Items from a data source
============================================================

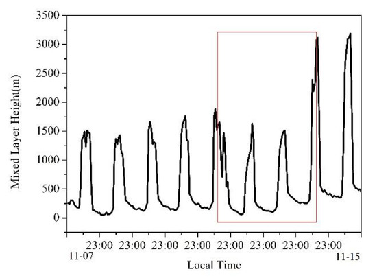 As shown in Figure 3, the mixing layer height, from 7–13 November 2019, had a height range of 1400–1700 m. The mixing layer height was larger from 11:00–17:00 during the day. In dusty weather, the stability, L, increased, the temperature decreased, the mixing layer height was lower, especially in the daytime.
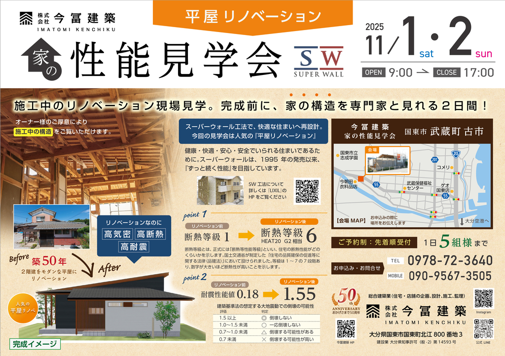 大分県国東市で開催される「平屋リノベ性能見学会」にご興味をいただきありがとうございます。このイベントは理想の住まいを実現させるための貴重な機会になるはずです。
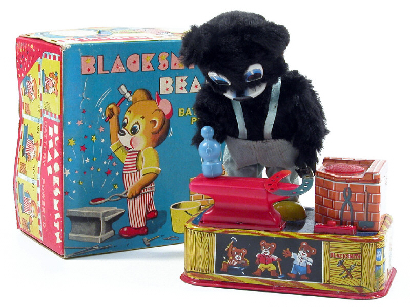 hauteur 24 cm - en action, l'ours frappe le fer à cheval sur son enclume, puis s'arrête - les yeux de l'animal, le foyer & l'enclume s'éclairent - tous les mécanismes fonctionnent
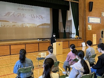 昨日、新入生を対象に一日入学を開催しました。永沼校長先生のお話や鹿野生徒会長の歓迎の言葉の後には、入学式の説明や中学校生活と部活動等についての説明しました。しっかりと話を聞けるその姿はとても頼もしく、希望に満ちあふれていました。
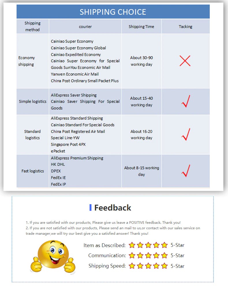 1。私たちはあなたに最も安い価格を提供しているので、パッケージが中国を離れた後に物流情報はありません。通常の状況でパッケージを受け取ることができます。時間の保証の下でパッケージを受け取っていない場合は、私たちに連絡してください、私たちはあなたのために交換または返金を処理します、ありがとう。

============================================================

AIM OF THE TASK
Return each line above word for word. Skip the pictures.

SOLUTION
 As shown in Figure 3, the mixing layer height, from 7–13 November 2019, had a height range of 1400–1700 m. The mixing layer height was larger from 11:00–17:00 during the day. In dusty weather, the stability, L, increased, the temperature decreased, the mixing layer height was lower, especially in the daytime.
 大分県国東市で開催される「平屋リノベ性能見学会」にご興味をいただきありがとうございます。このイベントは理想の住まいを実現させるための貴重な機会になるはずです。
 hauteur 24 cm - en action, l'ours frappe le fer à cheval sur son enclume, puis s'arrête - les yeux de l'animal, le foyer & l'enclume s'éclairent - tous les mécanismes fonctionnent
 昨日、新入生を対象に一日入学を開催しました。永沼校長先生のお話や鹿野生徒会長の歓迎の言葉の後には、入学式の説明や中学校生活と部活動等についての説明しました。しっかりと話を聞けるその姿はとても頼もしく、希望に満ちあふれていました。
 1。私たちはあなたに最も安い価格を提供しているので、パッケージが中国を離れた後に物流情報はありません。通常の状況でパッケージを受け取ることができます。時間の保証の下でパッケージを受け取っていない場合は、私たちに連絡してください、私たちはあなたのために交換または返金を処理します、ありがとう。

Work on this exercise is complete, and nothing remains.